Dit protocol bevat instructies voor het implementeren van multiphoton-lithografie om driedimensionale arrays van fluorescerende fiducial markers te fabriceren die zijn ingebed in op poly (ethyleenglycol) gebaseerde hydrogels voor gebruik als referentie vrij, tractiekracht microscopie platforms. Door deze instructies te gebruiken, wordt het meten van de 3D-materiaal stam en de berekening van cellulaire tracties vereenvoudigd om de tractiekracht van hoge doorvoer te bevorderen.
Kwantificerende cel-geïnduceerde materiaal vervorming biedt nuttige informatie over hoe cellen voelen en reageren op de fysieke eigenschappen van hun micro-omgeving. Hoewel er veel benaderingen bestaan voor het meten van de cel-geïnduceerde materiaal belasting, hier bieden we een methodologie voor het bewaken van stam met sub-micron resolutie in een referentie vrije manier. Met behulp van een geactiveerd fotolithografisch patronen-proces met twee fotonen laten we zien hoe mechanisch en biologisch actieve afstembaar synthetische substraten met ingesloten arrays van fluorescerende fiducial markers kunnen worden gegenereerd om eenvoudig driedimensionaal te meten ( 3D) materiaal vervormings profielen in reactie op oppervlakte tracties. Met behulp van deze substraten kunnen celspanningprofielen worden toegewezen met behulp van een enkele 3D-afbeeldingsstapel van een cel van belang. Ons doel met deze methodologie is om tractiekracht microscopie een toegankelijker en gemakkelijker te implementeren instrument voor onderzoekers die cellulaire mechanotransductie processen bestuderen, vooral nieuwkomers op het gebied te maken.

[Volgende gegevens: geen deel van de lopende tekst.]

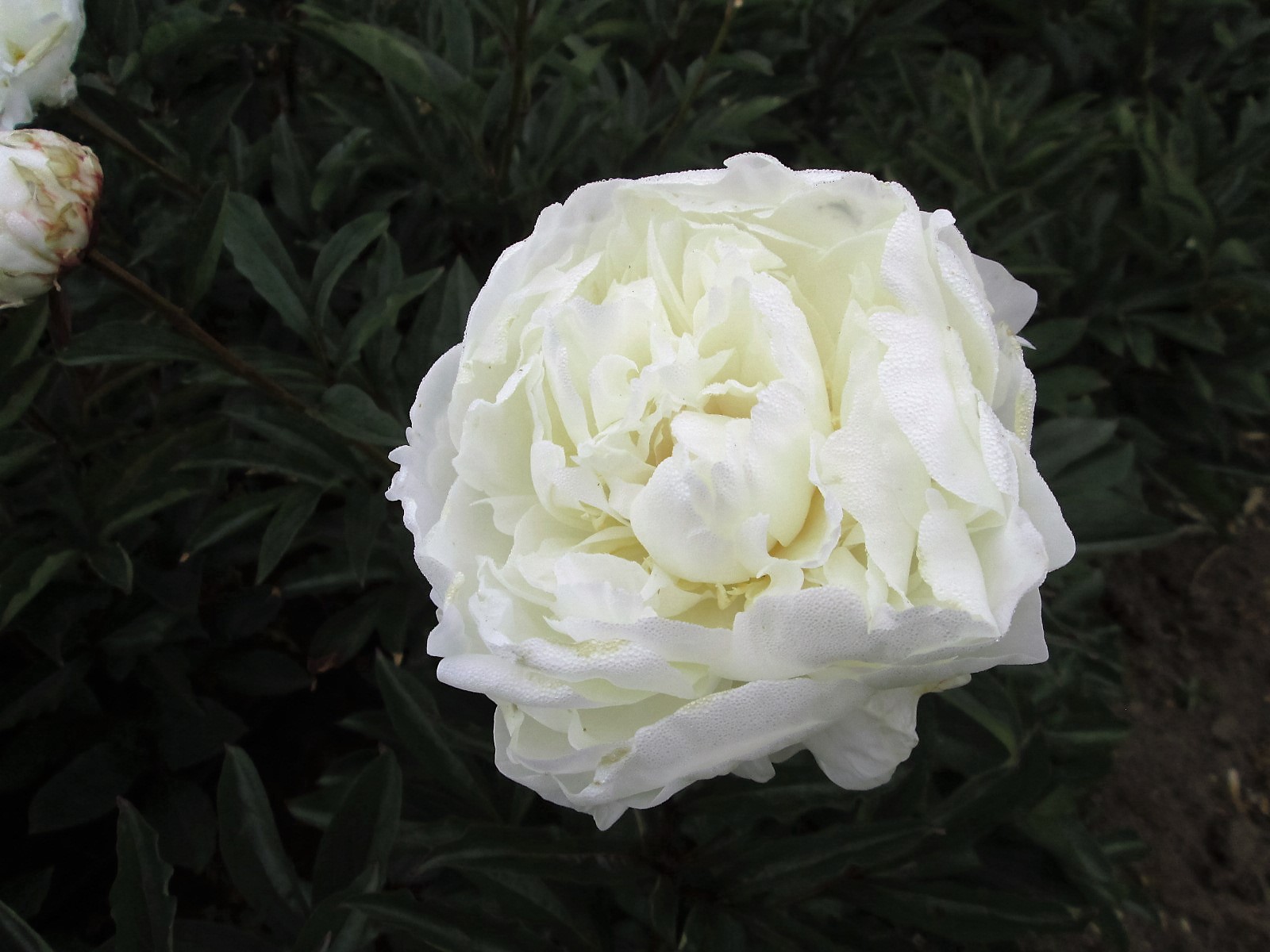 Blanca, doble, flor grande de forma de rosa, en un tallo vigoroso de color café rojizo, de 75 cm. de altura, y una botón de 3,5 cm. Algunos pétalos presentan un contorno rojizo, Se comporta como tardía, con aroma muy suave.
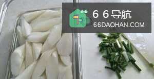 13炖的过程中,来处理山药,洗净去皮,切滚刀块,用水漂着,以防变色;葱切小段,准备一小块冰糖;
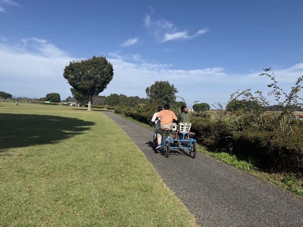広い園内を貸し自転車で一周できます。コスモス畑も巡るのでコスモスを見るのにもぴったりです。
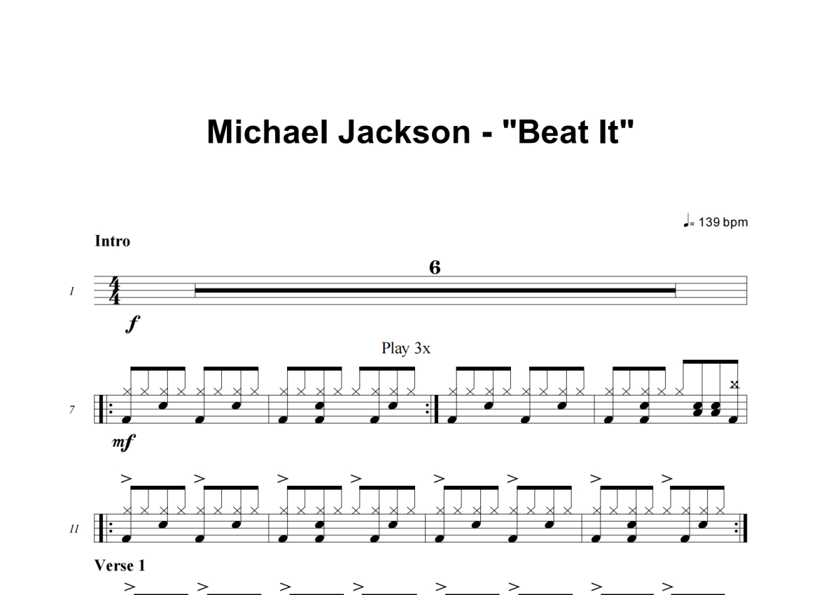 Michael Jackson《Beat It》鼓谱 - 架子鼓谱
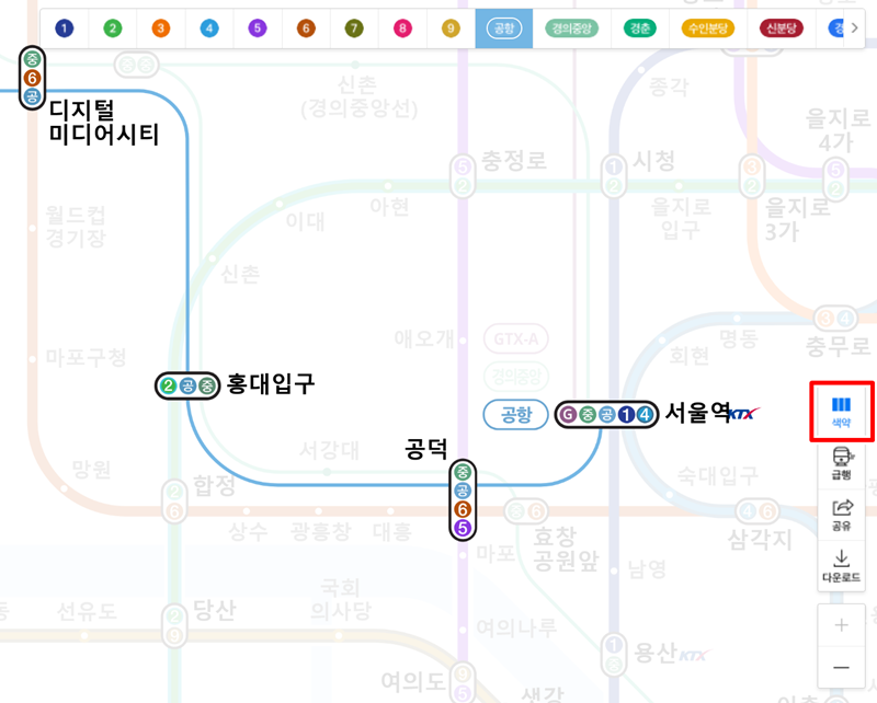5. 오른쪽 메뉴에는 '색약'이라는 편의 기능도 마련되어 있습니다. 이 기능을 활성화하면 노선도의 색상이 변경되어 색 구분에 어려움을 느끼는 분들도 각 노선을 더 명확하게 식별하고 편안하게 노선도를 이용할 수 있도록 도와줍니다.

Traction Force microscopie (TFM) is het proces van het benaderingen van cellulaire tracties met behulp van geïntermuleerde verplaatsings velden van fiducial markers gegenereerd door een aanhanger en contractiele cel. Met behulp van tfm, de invloed van mechanische aanwijzingen in de extracellulaire omgeving op belangrijke cellulaire processen zoals proliferatie, differentiatie, en migratie kan worden onderzocht1,2,3,4 ,5,6,7,8,9,10,11,12. Helaas, veel bestaande benaderingen kunnen moeilijk te implementeren of vereisen vertrouwdheid met zeer gespecialiseerde analytische en computationele instrumenten waardoor TFM moeilijk voor onervaren onderzoekers om te gebruiken. We beschrijven een methodologie om een TFM-platform te genereren dat een deel van de moeilijkheidsgraad elimineert, terwijl het ook gegevensverzameling met hoge doorvoer oplevert.

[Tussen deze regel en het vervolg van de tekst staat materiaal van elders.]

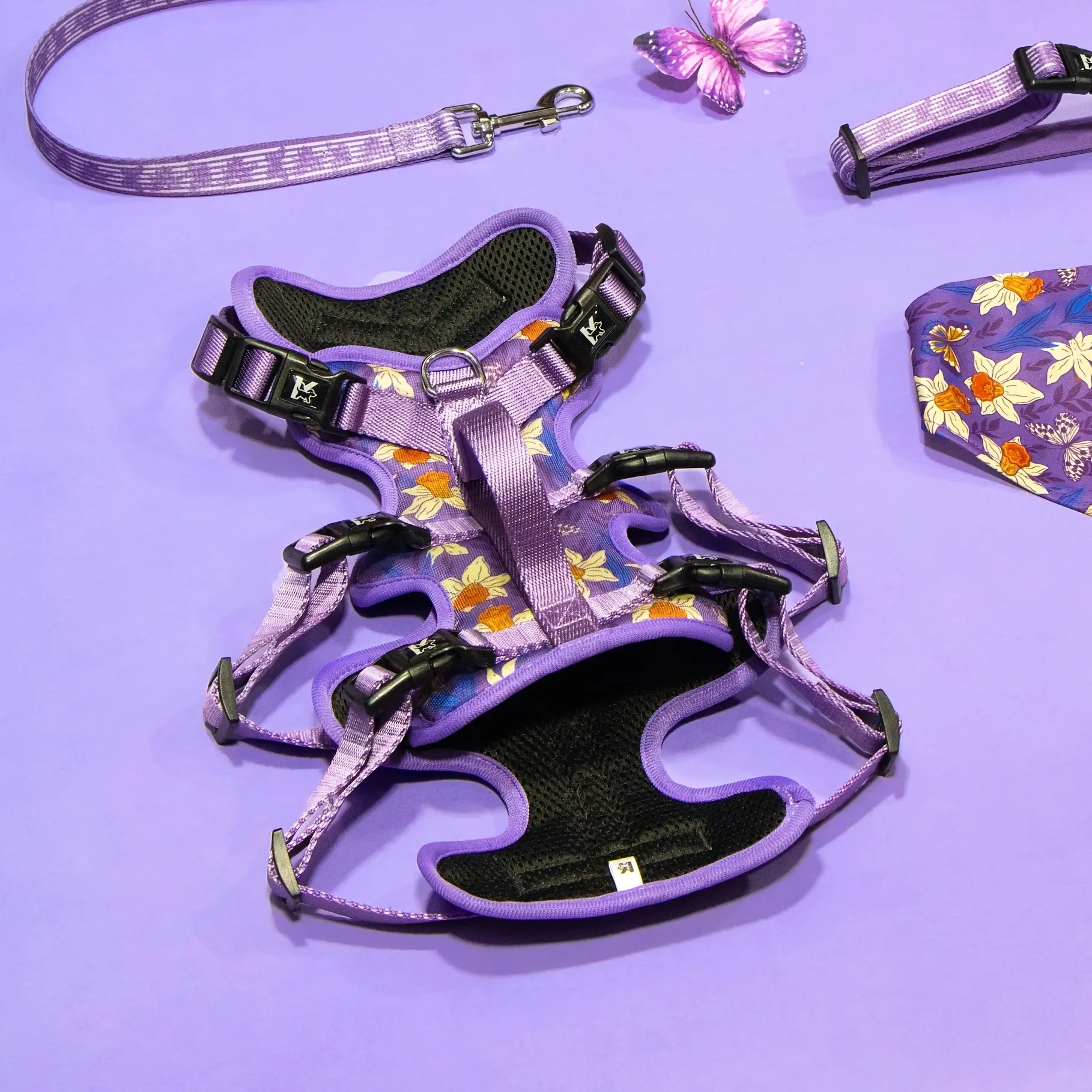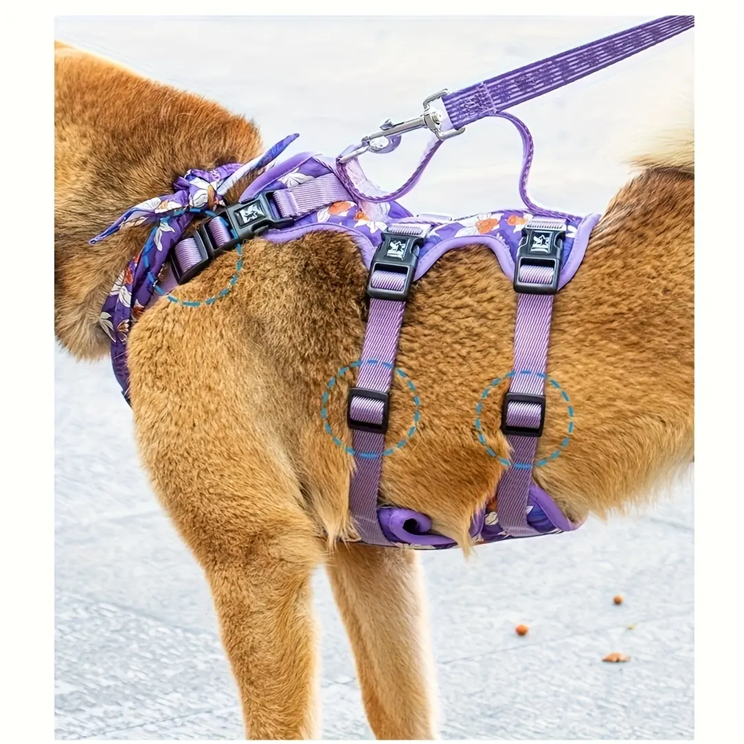 This dog travel harness is designed for walking and restraint during everyday handling. The adjustable length helps you set a closer or looser fit based on your dog’s size. A snug-fit structure is intended to support stable positioning during use. The violet garden-themed design adds a distinct look while keeping the focus on function.
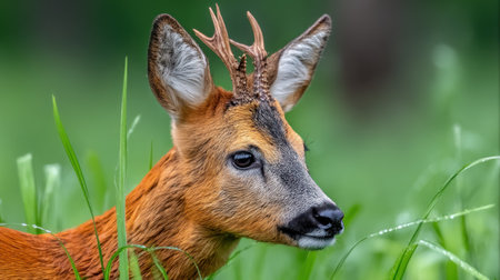 Portrait of a young male roe deer, identifiable by its small, developing antlers covered in velvet, partially concealed by vibrant green stalks of grass, suggesting a damp, lush environment.
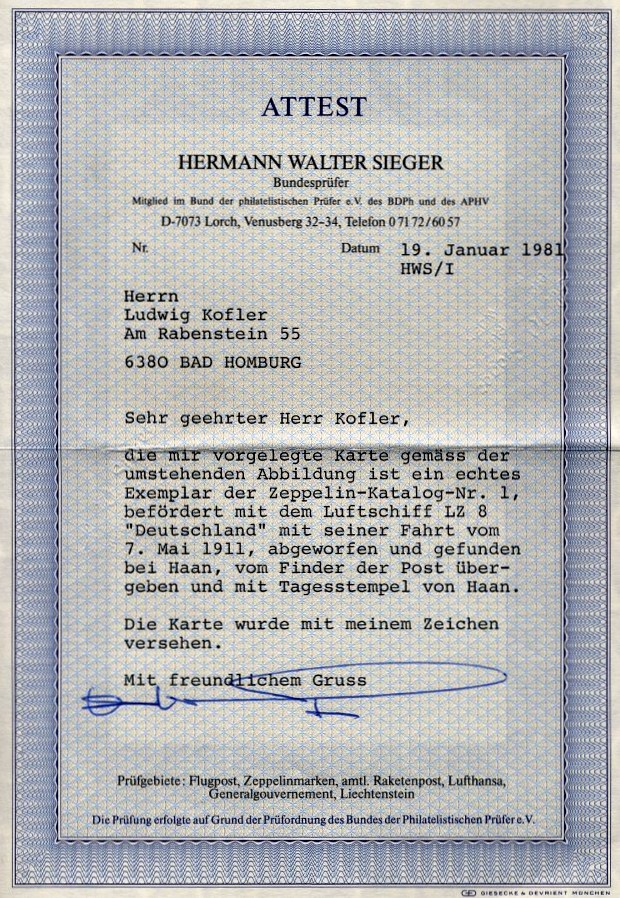 Do you have stamps from German Reich Air Mail 1912 (Michel Nos. I - VI), Generalgouvernement, Liechtenstein, Zeppelinpost, Amtliche Raketenpost, Flugpost Europa and want to get them appraised?
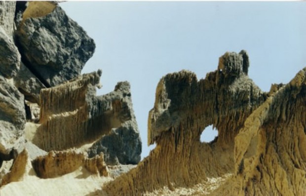 Hier trifft man auf Tausende kleinere und größere kegelförmige Hügel, die durch Wind und Wetter zu ihrer Form gefunden haben und in den vergangenen geologischen Zeiten entstanden sind. Tief in der Wüste sprudelt eine schwefelhaltige Quelle aus dem Boden.

Van de bestaande TFM-benaderingen omvat de meest gebruikte voor het kwantificeren van materiaal stam het opnemen van kleine fluorescerende markers (meestal nano-of micrometer-sized fluorescerende kralen) in een vervormbare hydrogel, zoals Polyacrylamide (PAA) of poly (ethyleenglycol) diacrylaat (pegda)13,14,15. Deze kraal-gebaseerde benaderingen bieden de mogelijkheid om dicht cluster fiducial markers rond een cel van belang voor het maximaliseren van de verplaatsing steekproeven. Helaas kan de verdeling van de parels in de hydrogel niet direct worden geregeld, zodat de ruimtelijke ordening willekeurig is. Deze willekeurige plaatsing leidt tot problemen zoals kralen die te dicht bij elkaar zijn om nauwkeurig op te lossen, of zo verspreid dat patches van de ondergrond lage kwaliteitsgegevens opleveren. Het onvermogen om te voorspellen waar fiducial markers liggen in de afwezigheid van cellen creëert ook een beperking dat, voor elke verzamelde set van cel tractie gegevens, ook een extra referentiebeeld van de onderliggende markeringen in een ontspannen toestand moet worden vastgelegd. De referentieafbeelding is vereist, zodat verplaatsing in het beklemtoonde beeld kan worden benaderd als het verschil tussen de gestreste en onbeklemtoonde beelden. Om een ontspannen toestand te bereiken, zijn de cellen die worden gemeten ofwel chemisch ontspannen ofwel volledig verwijderd. Dit proces voorkomt vaak de verwerving van verdere experimentele metingen, remt de lange termijn celstudies, en beperkt de doorvoer. Een referentiebeeld vereist ook beeldregistratie technieken om tegemoet te komen aan drift die kan hebben plaatsgevonden tijdens experimenten, vaak leidend tot omslachtige Handmatige afstemming van stress State beelden om te verwijzen naar afbeeldingen.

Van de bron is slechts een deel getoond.